▶ [EXERCISE DATA]:
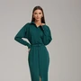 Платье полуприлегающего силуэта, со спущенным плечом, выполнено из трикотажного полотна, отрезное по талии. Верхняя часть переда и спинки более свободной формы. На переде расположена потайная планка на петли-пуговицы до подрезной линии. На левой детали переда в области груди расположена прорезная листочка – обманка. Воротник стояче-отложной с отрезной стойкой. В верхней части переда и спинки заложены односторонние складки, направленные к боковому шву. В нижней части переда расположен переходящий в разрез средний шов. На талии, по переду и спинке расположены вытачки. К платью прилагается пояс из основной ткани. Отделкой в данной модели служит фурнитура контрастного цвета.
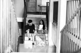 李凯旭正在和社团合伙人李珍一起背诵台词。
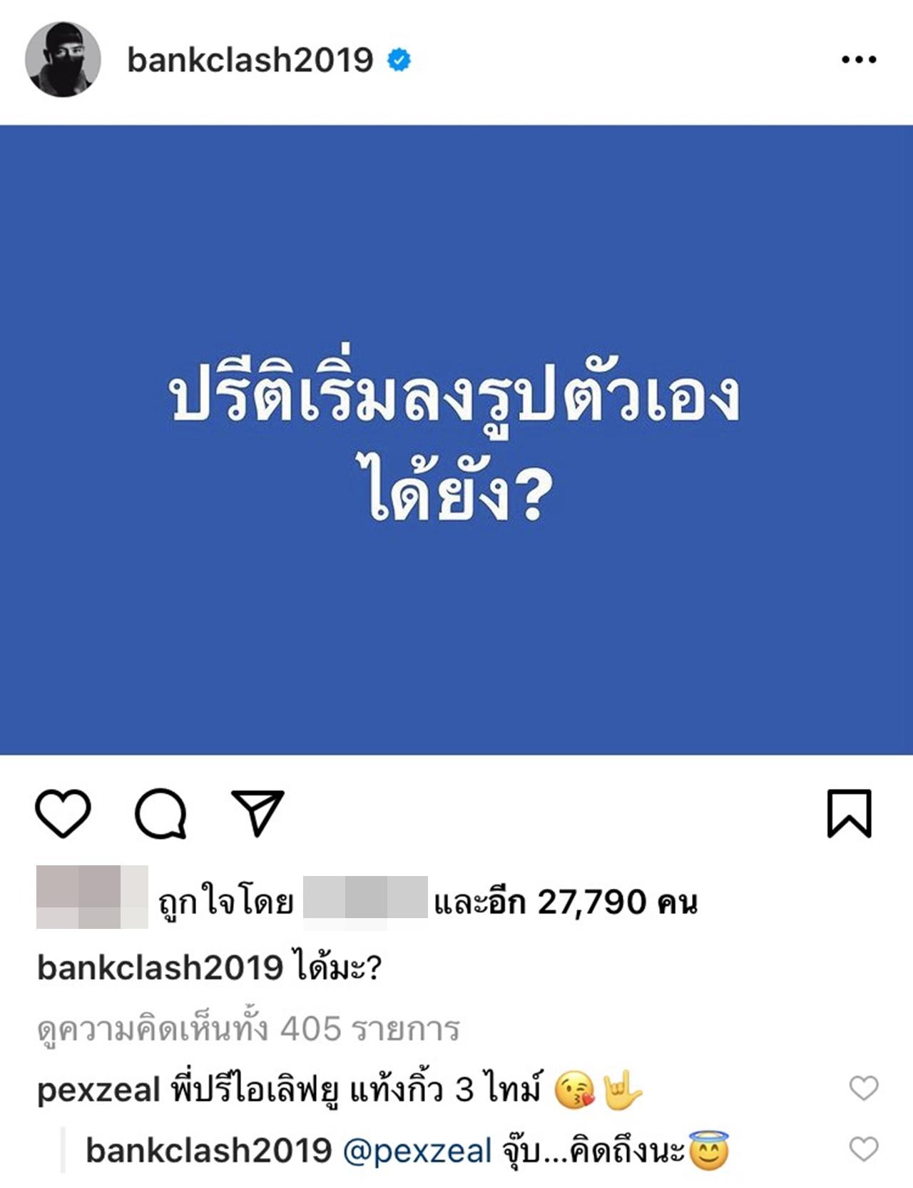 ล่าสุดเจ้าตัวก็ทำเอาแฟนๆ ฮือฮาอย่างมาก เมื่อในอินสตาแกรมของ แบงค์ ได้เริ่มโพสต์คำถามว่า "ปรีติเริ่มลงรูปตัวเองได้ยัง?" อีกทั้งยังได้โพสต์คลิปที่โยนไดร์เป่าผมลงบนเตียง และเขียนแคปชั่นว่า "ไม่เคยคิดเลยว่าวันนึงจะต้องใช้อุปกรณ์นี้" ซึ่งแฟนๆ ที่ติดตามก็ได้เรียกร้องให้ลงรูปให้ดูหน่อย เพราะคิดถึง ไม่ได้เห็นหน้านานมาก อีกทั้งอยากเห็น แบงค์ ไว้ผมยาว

▶ [PROBLEM STATEMENT]:
Set down the material above exactly as written, but not the pictures.

▶ [SOLUTION FOR THIS PROBLEM]:
 Платье полуприлегающего силуэта, со спущенным плечом, выполнено из трикотажного полотна, отрезное по талии. Верхняя часть переда и спинки более свободной формы. На переде расположена потайная планка на петли-пуговицы до подрезной линии. На левой детали переда в области груди расположена прорезная листочка – обманка. Воротник стояче-отложной с отрезной стойкой. В верхней части переда и спинки заложены односторонние складки, направленные к боковому шву. В нижней части переда расположен переходящий в разрез средний шов. На талии, по переду и спинке расположены вытачки. К платью прилагается пояс из основной ткани. Отделкой в данной модели служит фурнитура контрастного цвета.
 李凯旭正在和社团合伙人李珍一起背诵台词。
 ล่าสุดเจ้าตัวก็ทำเอาแฟนๆ ฮือฮาอย่างมาก เมื่อในอินสตาแกรมของ แบงค์ ได้เริ่มโพสต์คำถามว่า "ปรีติเริ่มลงรูปตัวเองได้ยัง?" อีกทั้งยังได้โพสต์คลิปที่โยนไดร์เป่าผมลงบนเตียง และเขียนแคปชั่นว่า "ไม่เคยคิดเลยว่าวันนึงจะต้องใช้อุปกรณ์นี้" ซึ่งแฟนๆ ที่ติดตามก็ได้เรียกร้องให้ลงรูปให้ดูหน่อย เพราะคิดถึง ไม่ได้เห็นหน้านานมาก อีกทั้งอยากเห็น แบงค์ ไว้ผมยาว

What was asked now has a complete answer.